Could each entry below be written out exactly, with every picture dropped?

Items from a dataset
════════
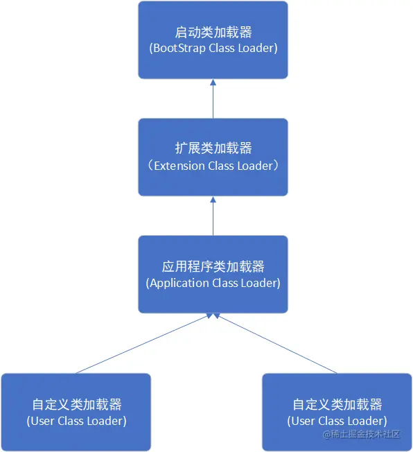 先检查请求加载的类型是否已经被加载过, 若没有则调用父加载器的 loadClass()方法, 若父加载器为空则默认使用启动类加载器作为父加载器。 假如父类加载器加载失败, 抛出ClassNotFoundException异常的话, 才调用自己的findClass()方法尝试进行加载。
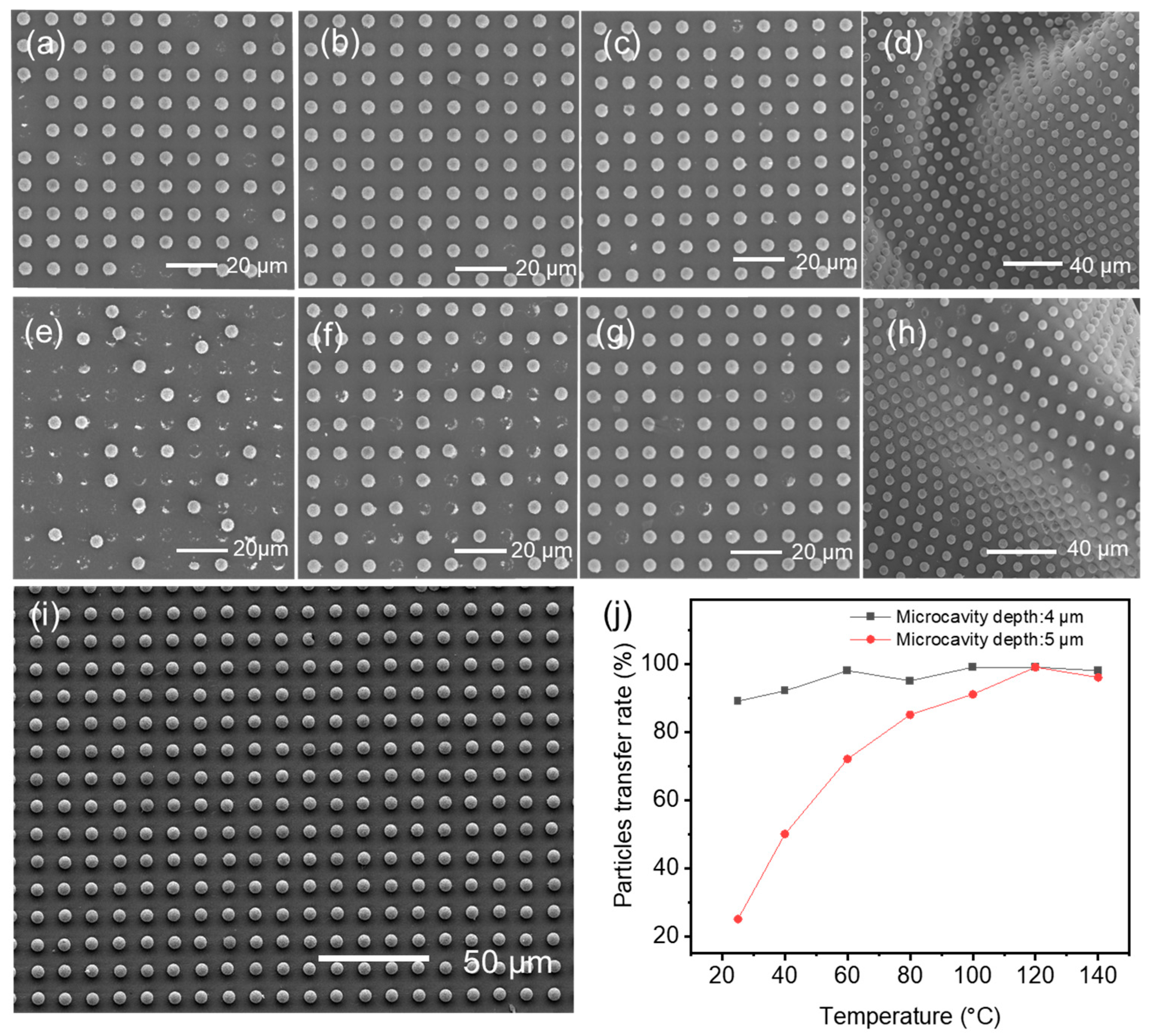 3.1.3. The Temperature Effect on Particle Transfer Efficiency from the Template to PU Adhesives
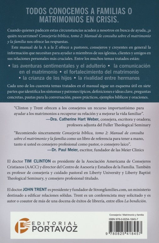 Explore las complejidades del matrimonio y la familia con esta obra erudita de los Drs. Clinton y Trent. Este manual de consulta ofrece perspectivas bíblicas profundas sobre temas cruciales como la infidelidad, la comunicación matrimonial, la prevención del divorcio y la crianza efectiva. Una herramienta indispensable para consejeros, pastores y cualquier persona comprometida con fortalecer los vínculos familiares desde una perspectiva cristiana fundamentada.
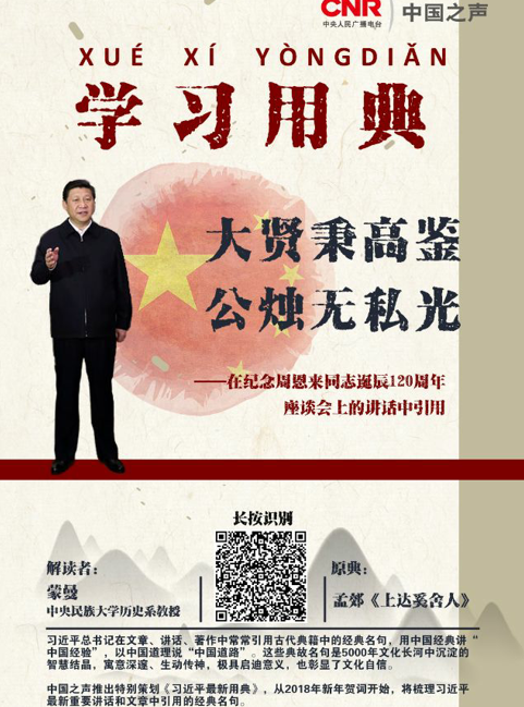 中國之聲特別策劃《習近平最新用典》,梳理習近平最新重要講話和文章中引用的經典名句。今天的《習近平最新用典》,請看習近平在紀念周恩來誕辰120周年座談會上的講話中使用的“大賢秉高鑒,公燭無私光”。解讀嘉賓:中央民族大學歷史系教授蒙曼。
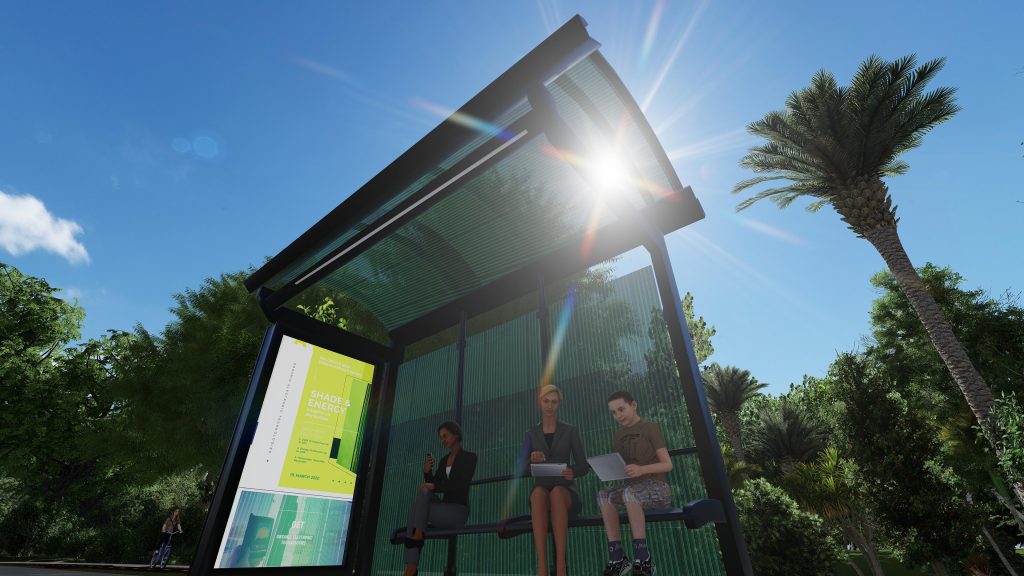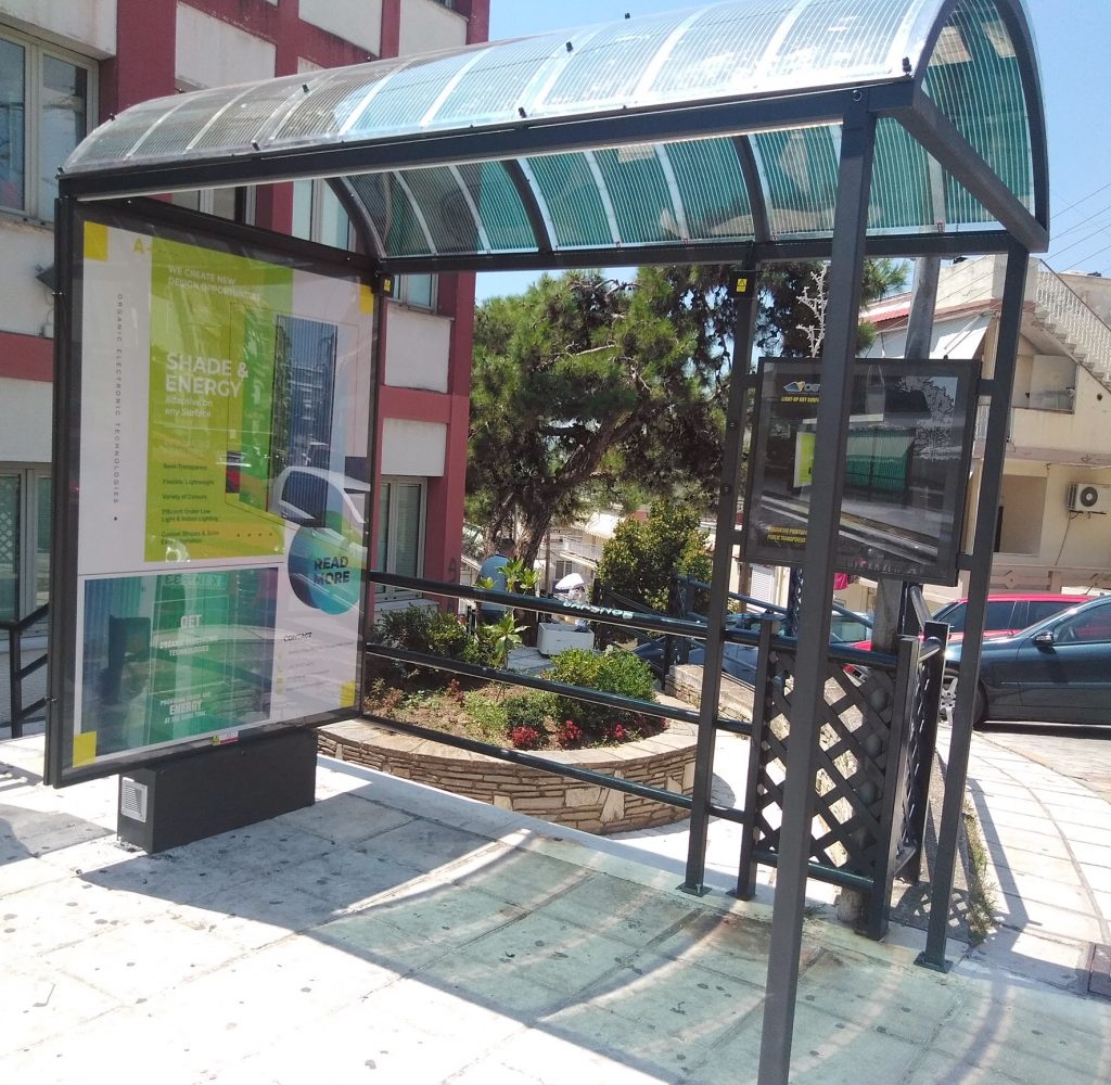 Η ενεργειακά αυτόνομη στάση, όπως είναι η επίσημη ονομασία της, είναι εξοπλισμένη με εκτυπώσιμα οργανικά φωτοβολταϊκά τα οποία καλύπτουν τον καμπυλωτό θόλο της στάσης, παράγοντας ενέργεια από το διάχυτο φως. Έτσι, δίνεται η δυνατότητα στους δημότες-επιβάτες,προφυλασσόμενοι από τις UVυπεριώδεις ακτίνες του ήλιου, να φορτίζουν το κινητό τηλέφωνό τους κατά το διάστημα αναμονής του λεωφορείου έχοντας στη διάθεσή τους τέσσερις θύρες USB.
════════
#### RESULT OF THE TASK
 先检查请求加载的类型是否已经被加载过, 若没有则调用父加载器的 loadClass()方法, 若父加载器为空则默认使用启动类加载器作为父加载器。 假如父类加载器加载失败, 抛出ClassNotFoundException异常的话, 才调用自己的findClass()方法尝试进行加载。
 3.1.3. The Temperature Effect on Particle Transfer Efficiency from the Template to PU Adhesives
 Explore las complejidades del matrimonio y la familia con esta obra erudita de los Drs. Clinton y Trent. Este manual de consulta ofrece perspectivas bíblicas profundas sobre temas cruciales como la infidelidad, la comunicación matrimonial, la prevención del divorcio y la crianza efectiva. Una herramienta indispensable para consejeros, pastores y cualquier persona comprometida con fortalecer los vínculos familiares desde una perspectiva cristiana fundamentada.
 中國之聲特別策劃《習近平最新用典》,梳理習近平最新重要講話和文章中引用的經典名句。今天的《習近平最新用典》,請看習近平在紀念周恩來誕辰120周年座談會上的講話中使用的“大賢秉高鑒,公燭無私光”。解讀嘉賓:中央民族大學歷史系教授蒙曼。
 Η ενεργειακά αυτόνομη στάση, όπως είναι η επίσημη ονομασία της, είναι εξοπλισμένη με εκτυπώσιμα οργανικά φωτοβολταϊκά τα οποία καλύπτουν τον καμπυλωτό θόλο της στάσης, παράγοντας ενέργεια από το διάχυτο φως. Έτσι, δίνεται η δυνατότητα στους δημότες-επιβάτες,προφυλασσόμενοι από τις UVυπεριώδεις ακτίνες του ήλιου, να φορτίζουν το κινητό τηλέφωνό τους κατά το διάστημα αναμονής του λεωφορείου έχοντας στη διάθεσή τους τέσσερις θύρες USB.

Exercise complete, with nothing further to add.